Google pins weekend outage on "unexercised" feature
Google Cloud outage impacted a wide range of customers last week after new feature wreaked havoc


Google has apologised for a Cloud outage last week that knocked offline many of its own customers, saying the fault was down to a new feature that wasn't properly tested – and promising to do better at communicating such incidents in the future.
On Thursday last week, outages on status trackers like Downdetector began to suggest an issue with tens of thousands of reports of outages for Google Cloud, Spotify, Discord, and more. After initial media reports, Google's Cloud status page posted a short update about the outage.
The company has now released a full incident report, pinning the blame for the outage on a policy check system called System Control that was given a new feature last month to allow it to make extra quota policy checks for API requests.

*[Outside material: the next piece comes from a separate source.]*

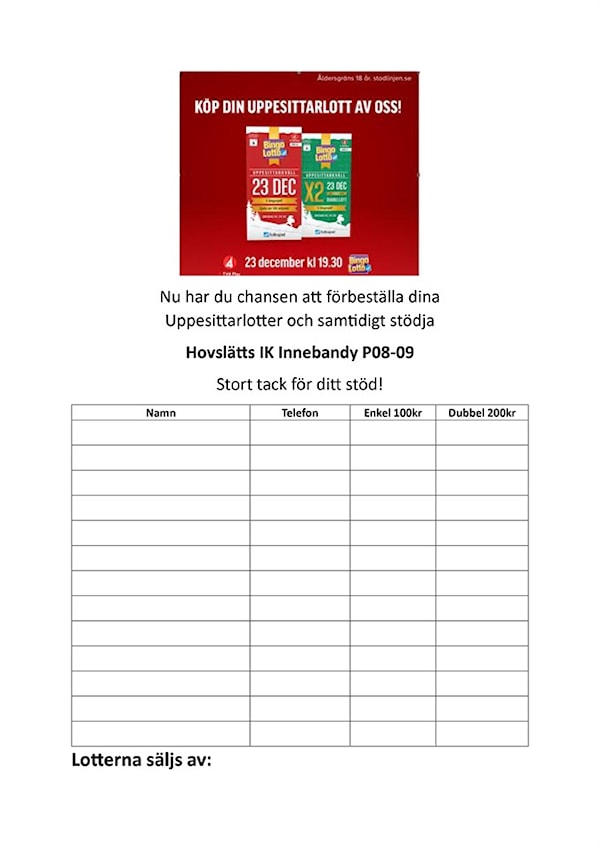 Tobias behöver 3 enkel lotter till. Så totalt 48 enkel och 10 dubbel.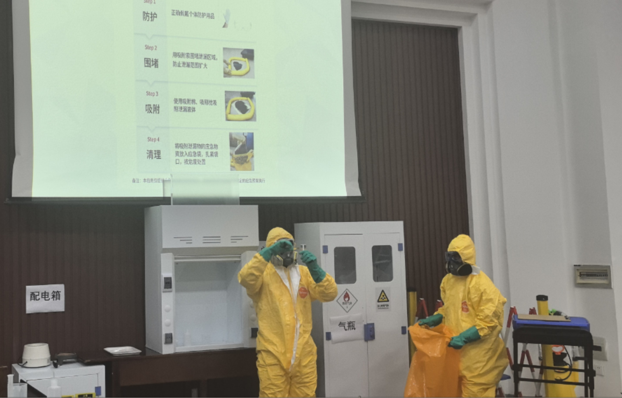 讲座结束后,活动进入了紧张而有序的化学品泄漏情景模拟环节,工作人员生动形象地模拟了氢氟酸泄露的紧急情况。师生们按照应急预案,迅速展开应急处置工作。从发现险情、疏散人员、伤员处置,到穿戴防护装备、报告情况、处理泄漏、现场注意事项等,每一个环节都井然有序,充分展示了标准的应急处置流程。

"This code change and binary release went through our region by region rollout, but the code path that failed was never exercised during this rollout due to needing a policy change that would trigger the code," Google explained. "As a safety precaution, this code change came with a red-button to turn off that particular policy serving path."
"The issue with this change was that it did not have appropriate error handling nor was it feature-flag protected," it added. "Without the appropriate error handling, the null pointer caused the binary to crash. Feature flags are used to gradually enable the feature region by region per project, starting with internal projects, to enable us to catch issues. If this had been flag-protected, the issue would have been caught in staging."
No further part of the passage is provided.